Supreme Court to Rule On Michigan's Affirmative Action Ban

Opening arguments begin today at the supreme court, as Michigan's ban on affirmative action takes center stage. Michigan voters approved a proposal that made it illegal for race to be used as a factor.
That happened in 2006. The question at the center of today's case is whether or not Michigan voters had the authority to make that decision. Michigan's ban on affirmative action overrides an earlier supreme court decision that allowed race to be used in college admissions, under certain circumstances. Those in favor of removing michigan's ban say it puts minority students at a disadvantage. The number of African-American and Latino students at U of M did decline after the ban was put in place. But State Attorney General Bill Schuette will argue today in defense of the ban, saying Michiganders have already made their choice.

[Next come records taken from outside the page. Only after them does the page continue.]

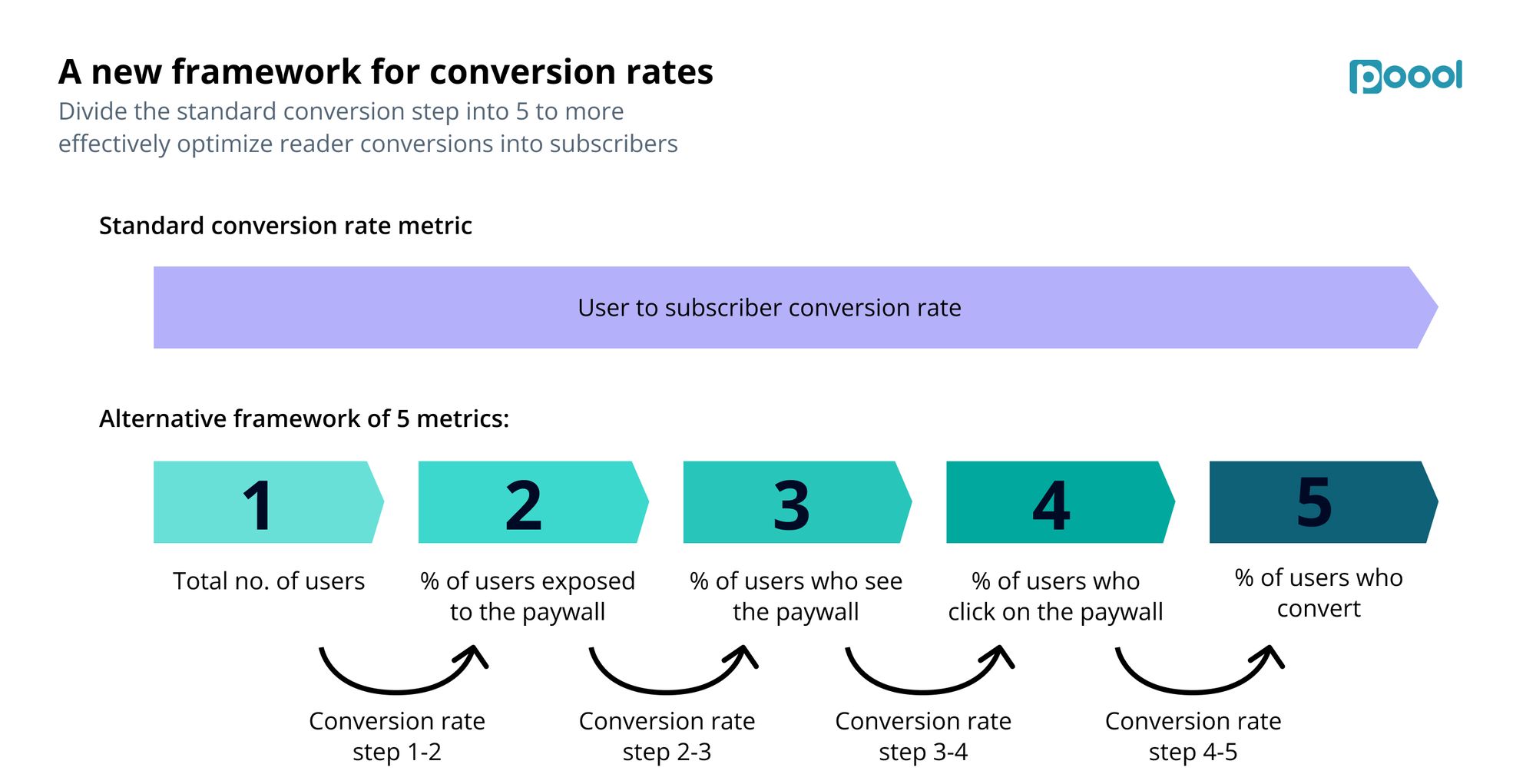 In short, we shouldnât! This really isnât optimal for publishers. Hence why weâve developed a revised framework, made up of 5 steps, starting with all users who visit your site and working through the funnel towards the paywall.
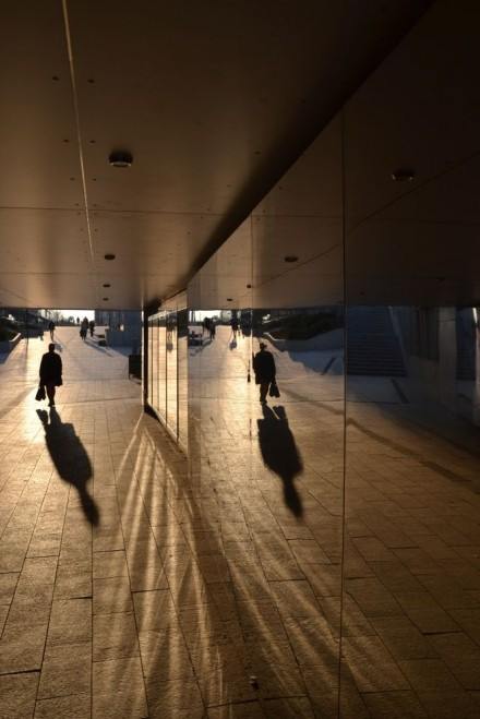 A forgalmi viszonyok tisztázása érdekében a gyalogos közlekedés egyértelműen az aluljáróba terelődött. Most lejtőssé alakított utcán érhetjük el az aluljárót, és ugyanilyen módon tudunk feljönni belőle. A süllyesztett utcarészt széles lépcsők és növényekkel beültetett felfelé nyíló rézsűk határolják, amelyek oldják a zárt oldalfalakat, barátságos és egyben határozott rávezetést biztosítanak az aluljáróra mindkét irányból. Az aluljáró belső tükröződő burkolata növeli az átláthatóságot és optikailag a teret is, ráadásul a szomszédos nyers beton támfalakra is kihajlik. Ezek a támfalak helyet adnak a vendéglátó egységek teraszainak illetve a pavilonoknak is. Az építészek egységes megjelenésű, ugyanakkor változatos formájú pavilon- és teraszrendszert terveztek, amelyek közül eddig egy információs pavilon valósult meg. A látszóbeton támfalakon lévő acél korlátok a vasbeton szerkezetek síkja elé kerültek, növény futtató rácsokkal integrálva a kúszó növényekkel együtt egy másodlagos, plasztikus zöld térfal-rendszert képeznek.
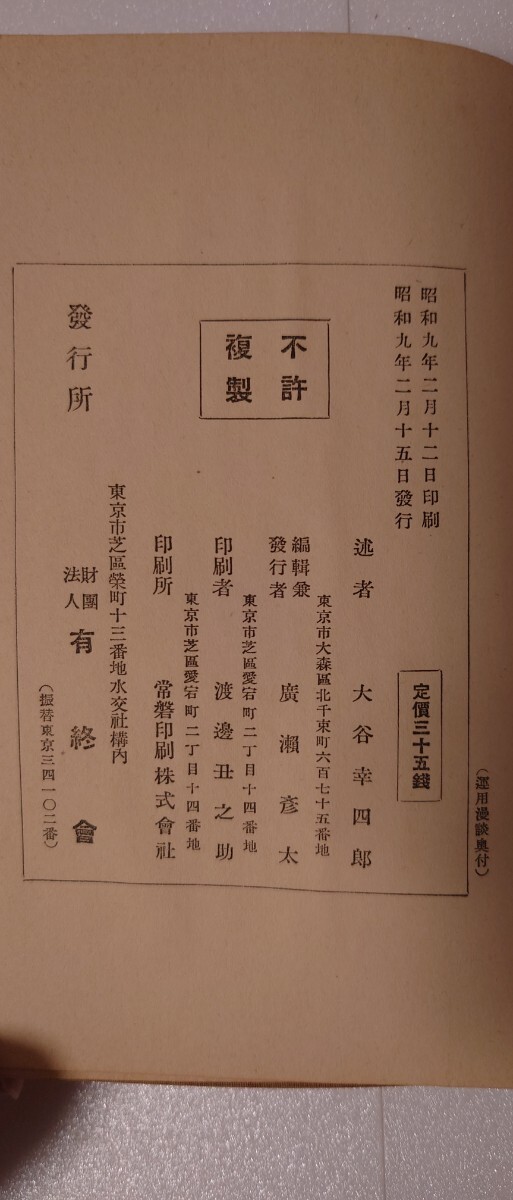 昭和9年(1934)2月15日発行、法財團 有終會刊。
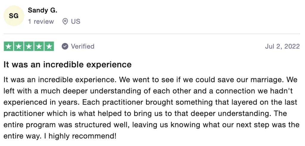 Sandy says, “We went to see if we could save our marriage. We left with a much deeper understanding of each other and a connection we hadn’t experienced in years.”
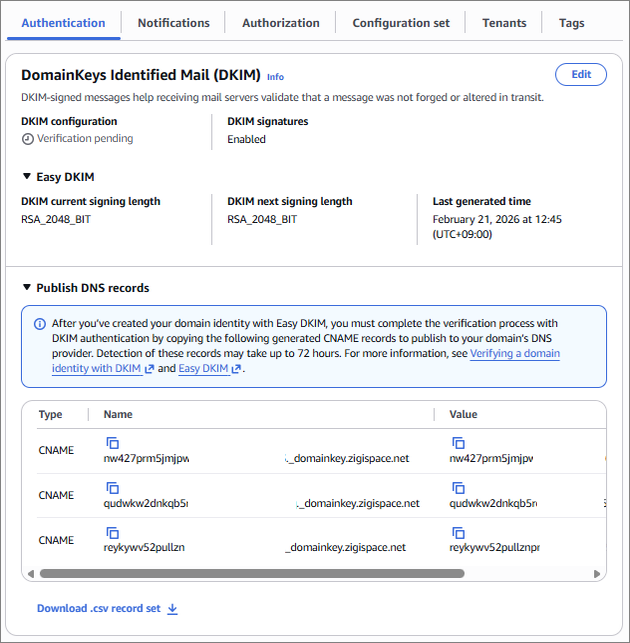 "arn:aws:ses:ap-northeast-2:계정:identity/zigispace.net"
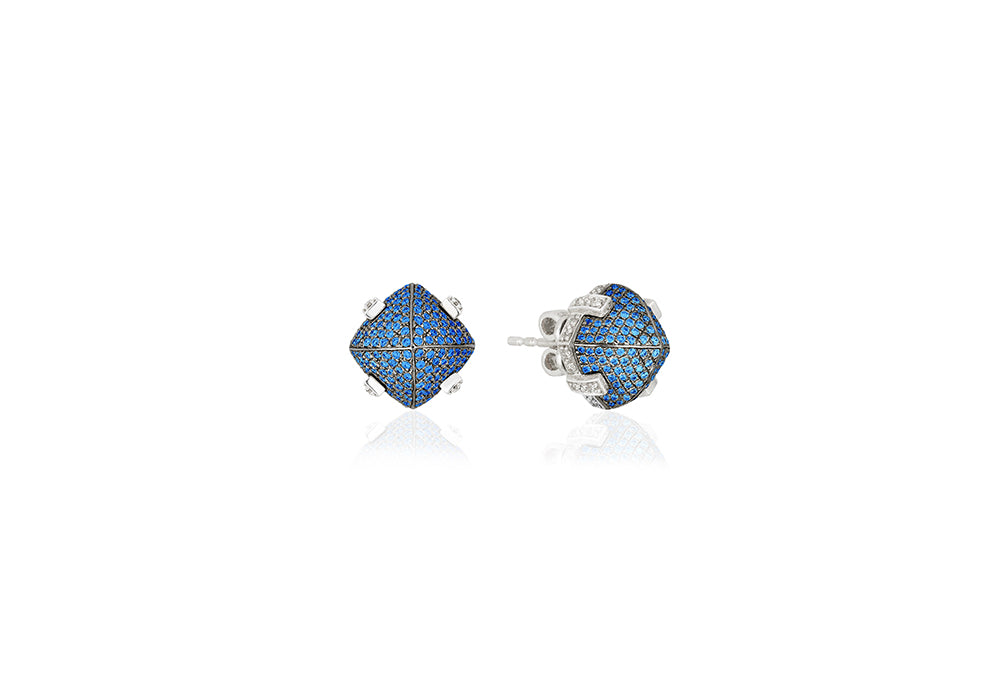 18K White Gold Goshwara Sapphire and Diamond Sugarloaf Earrings
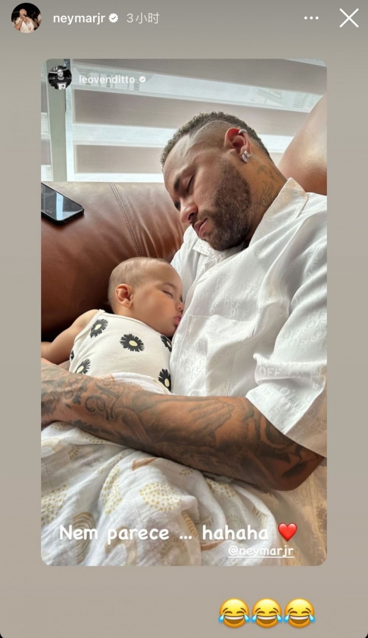 4月5日讯 今日,内马尔更新社媒,转发朋友拍摄的自己怀抱小女儿入睡的照片。
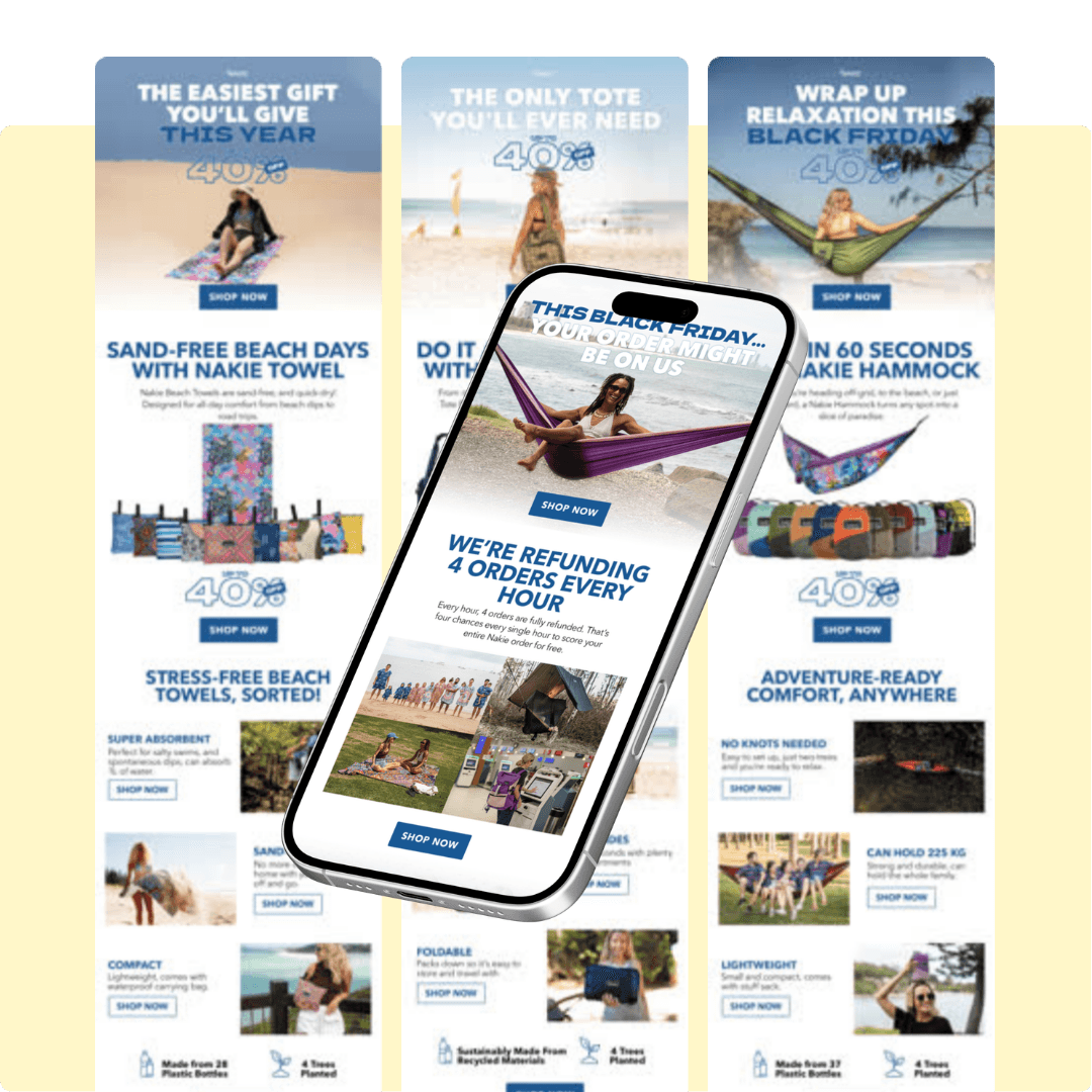 Nakie's Black Friday campaign promoted up to 40% off across their product range. The campaign required email designs that could communicate urgency and drive conversions during one...

"It's a collective expression article one, section 26 adopted by 58% percent of the citizens of our state that says it's wrong, fundamentally wrong to treat people differently based on the color of your skin, your race, gender or ethnicity. Second key important part is that we embrace, Chief Justice Roberts philosophy that said the best way to stop discrimination is to stop discriminating on the basis of race," said Bill Schuette, Michigan's Attorney General.

Eight states, including Michigan, have banned the use of race as a factor in college admission. The Supreme Court's ruling on this case could determine whether or not more states will propose similar bans in the future. Arguments begin today at one.